Operation Systems do not provide good IO interface for Database ServersPeter Zaitsev
Thinking more about the problems I wrote about yesterday I had a question why so ugly workaround and guesses or manual configuration is needed ? The answer seems to be Operation Interfaces just do not provide IO interface which is good enough. The big missing piece is priority. There are process and threads priorities in most operation systems but there is no priority you can set for given IO request. In fact in most cases even thread priority is not accounted for while executing IO request. Last time I checked there was IO scheduler with these functions in works for Linux Kernel but I have not seen anything production ready.
So what I would like to see ? Each IO request should be able to be assigned priority, at least from 3 hard classes – “RealTime”, “Normal” and “Idle”. More fine grain control is good but not necessary. What databases could do if such interface would exist ?
- RealTime – This priority could be used for Showstopper requests which stall all transactions until they are executed.
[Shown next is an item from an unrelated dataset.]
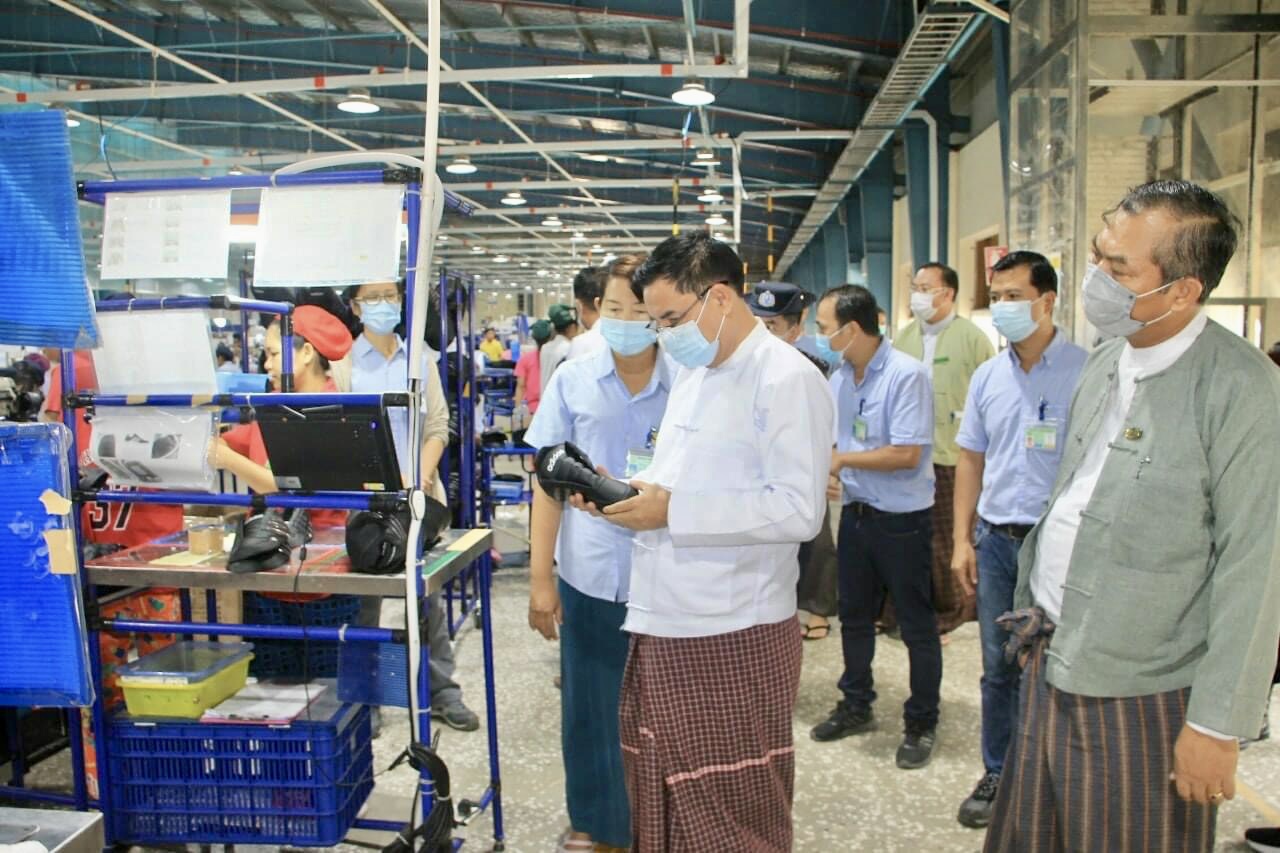 ထို့နောက် တိုင်းဒေသကြီး ဝန်ကြီးချုပ်က စက်ရုံများအတွင်း ကိုဗစ်- ၁၉ ရောဂါ ကူးစက်မှုမရှိစေရေး ကျန်းမာရေးဝန်ကြီးဌာနမှ ထုတ်ပြန်ထားသည့် စည်းကမ်းချက်နှင့်အညီ လုပ်ကိုင်ဆောင်ရွက်ရန်၊ ကာကွယ်ဆေးအကြိမ်ပြည့် ထိုးနှံပြီးစီးသူများအား ထပ်ဆောင်း Booster ထပ်မံထိုးနှံနိုင်ရေး ဆောင်ရွက်ရန်၊ စက်ရုံလုပ်ငန်းများ ထပ်မံတိုးချဲ့ဆောင်ရွက်နိုင်ရေး အခွင့်အလမ်းကောင်းများ ရရှိနိုင်သည့် အခြေအနေများနှင့် လုပ်ငန်းချိန်အတွင်း လျှပ်စစ်မီးအချိန်ပြည့်ရရှိနိုင်ရေး တာဝန်ရှိသူများနှင့် ပေါင်းစပ်ညှိနှိုင်းဆောင်ရွက်ပေးခဲ့ပြီး စက်ရုံအတွင်း လှည့်လည် ကြည့်ရှုခဲ့သည်။

Most common are syncronous log writes on transaction commits – no other transaction typically can commit until this log write is commited. It also could be used to flush dirty buffers if all buffer pool is in dirty buffers and we can’t read anything into it until we get read of some pages. Also obviously it would be helpful for prioritising transactions inside of database system itself.
- Normal – As name implies normal IO should be done with this priority – such as reading data and index pages – you want to get this data sooner than later but at least database server is not stalled while you’re waiting.
- Idle – This priority is great for flushing dirty buffers, checkpointing and other activity which you want to happen in background when there are enough resources. IO Scheduler should execute these only if there is bandwidth available so we can have as many idle requests in queue and it should not solve anything down. It also could be used for read-ahead requests, which are often speculative and we want them to happen if there is free bandwidth. Do not mix these with read buffering when we know we’re going to need certain data and so we’re using large buffer to read these – these can be done with higher IO.
The other concept which would be quite hepful (for asynchronous IO) is priority escalation. Aternatively you could of course simply cancel old requests and submit them with new priorities but it is ugly. This is needed as in certain cases load will be high enough so idle bandwidth will not be enough for flushing dirty buffers or keeping up with checkpointing. In this case you would like to raise priority of these activities but as a lot of IO requests already submited it should be good to increase priority of these.
I would be very interesting to hear if there is any development going on for something like this in modern operation systems.
In fact these are not new ideas. I’ve been working with Philippe Bonnet students from “Badger” projects at DIKU We tested some protototype patches for Linux kernel and MySQL but we did not get anything ready for production up to this point.